Department of Dermatology, University of Rome Tor Vergata, Rome, Italy.
Dermatology. 2011;222(3):250-5. doi: 10.1159/000326111. Epub 2011 Apr 13.
In February 19, 2009, the European Medicines Agency (EMA) had recommended the suspension of the marketing authorization for efalizumab after the occurrence of cases of progressive multifocal leukoencephalopathy.
To explore the efficacy of alternative therapies for psoriasis and the health status of patients who discontinued efalizumab.

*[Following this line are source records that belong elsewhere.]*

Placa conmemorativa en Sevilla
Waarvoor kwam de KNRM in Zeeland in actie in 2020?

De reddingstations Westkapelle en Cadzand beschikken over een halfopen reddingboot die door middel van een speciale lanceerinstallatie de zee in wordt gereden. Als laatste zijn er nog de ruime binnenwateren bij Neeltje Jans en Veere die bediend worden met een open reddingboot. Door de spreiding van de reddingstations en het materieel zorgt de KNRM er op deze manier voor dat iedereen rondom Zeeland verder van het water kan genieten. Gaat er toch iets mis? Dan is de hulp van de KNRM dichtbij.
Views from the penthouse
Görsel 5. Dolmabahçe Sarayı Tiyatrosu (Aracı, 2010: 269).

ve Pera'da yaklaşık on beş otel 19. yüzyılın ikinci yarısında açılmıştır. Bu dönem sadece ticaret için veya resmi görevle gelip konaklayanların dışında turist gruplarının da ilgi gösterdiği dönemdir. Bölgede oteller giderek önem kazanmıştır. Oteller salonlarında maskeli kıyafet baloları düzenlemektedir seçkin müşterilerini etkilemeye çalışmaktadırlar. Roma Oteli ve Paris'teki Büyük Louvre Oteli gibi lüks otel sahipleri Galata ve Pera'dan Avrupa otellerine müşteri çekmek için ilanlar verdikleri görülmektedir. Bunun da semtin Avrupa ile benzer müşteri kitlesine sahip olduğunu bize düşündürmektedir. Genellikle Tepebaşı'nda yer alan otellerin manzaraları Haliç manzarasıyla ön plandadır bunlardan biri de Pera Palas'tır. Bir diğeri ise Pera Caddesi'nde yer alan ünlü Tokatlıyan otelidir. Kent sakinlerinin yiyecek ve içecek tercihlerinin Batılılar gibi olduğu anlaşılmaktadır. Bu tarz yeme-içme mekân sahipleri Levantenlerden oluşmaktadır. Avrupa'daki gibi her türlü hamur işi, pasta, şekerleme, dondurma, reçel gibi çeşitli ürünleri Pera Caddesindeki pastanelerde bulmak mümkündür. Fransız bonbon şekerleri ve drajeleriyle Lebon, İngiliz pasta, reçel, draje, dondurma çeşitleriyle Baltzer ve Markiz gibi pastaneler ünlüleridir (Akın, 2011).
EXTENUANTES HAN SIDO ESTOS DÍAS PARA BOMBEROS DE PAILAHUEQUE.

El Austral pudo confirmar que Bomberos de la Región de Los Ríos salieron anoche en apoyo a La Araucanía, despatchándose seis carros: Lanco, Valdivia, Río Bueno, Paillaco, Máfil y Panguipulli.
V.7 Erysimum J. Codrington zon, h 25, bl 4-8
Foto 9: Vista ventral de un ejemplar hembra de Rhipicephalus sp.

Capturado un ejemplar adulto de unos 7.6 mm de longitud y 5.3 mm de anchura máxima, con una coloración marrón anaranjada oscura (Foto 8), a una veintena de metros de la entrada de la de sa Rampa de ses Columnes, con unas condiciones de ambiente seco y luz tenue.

An observational study was performed on 101 patients. After the EMA communication, efalizumab was discontinued in the following 2-3 months. In agreement with the patients, we decided to either prescribe other treatments or none at all.

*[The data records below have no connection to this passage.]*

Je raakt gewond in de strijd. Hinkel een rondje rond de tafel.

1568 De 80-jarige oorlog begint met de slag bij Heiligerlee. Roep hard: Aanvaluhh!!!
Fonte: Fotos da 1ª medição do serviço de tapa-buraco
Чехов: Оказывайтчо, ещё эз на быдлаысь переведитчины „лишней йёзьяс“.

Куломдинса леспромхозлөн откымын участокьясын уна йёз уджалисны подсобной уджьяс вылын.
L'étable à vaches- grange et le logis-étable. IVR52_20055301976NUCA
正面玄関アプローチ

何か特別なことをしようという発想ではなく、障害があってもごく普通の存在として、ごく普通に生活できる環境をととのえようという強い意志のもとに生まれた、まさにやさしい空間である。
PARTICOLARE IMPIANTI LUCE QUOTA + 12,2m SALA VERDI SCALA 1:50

After 1 year, 11 patients are still not treated, 63 patients are treated with biologics, and 9 patients are treated with systemic conventional therapies.
In order to prevent rebound or relapse, various approaches are available, including cyclosporine, methotrexate and biologic therapies. Interestingly, in 11 out of 31 patients who did not receive any systemic drug, psoriasis is still under control, suggesting a long-term effect of efalizumab.
2009 年 2 月 19 日,欧洲药品管理局(EMA)建议在发生进行性多灶性白质脑病病例后暂停依氟鸟氨酸的营销授权。
探讨银屑病替代疗法的疗效及停用依氟鸟氨酸对患者健康状况的影响。
对 101 例患者进行了一项观察性研究。在 EMA 发布相关信息后,依氟鸟氨酸在接下来的 2-3 个月内被停用。根据患者的意愿,我们决定为其开其他药物或不开药。
1 年后,11 例患者仍未接受治疗,63 例患者接受了生物制剂治疗,9 例患者接受了系统常规治疗。
为了防止反弹或复发,可采用多种方法,包括环孢素、甲氨蝶呤和生物制剂治疗。有趣的是,在 31 例未接受任何系统性药物治疗的患者中,有 11 例银屑病仍得到控制,提示依氟鸟氨酸有长期疗效。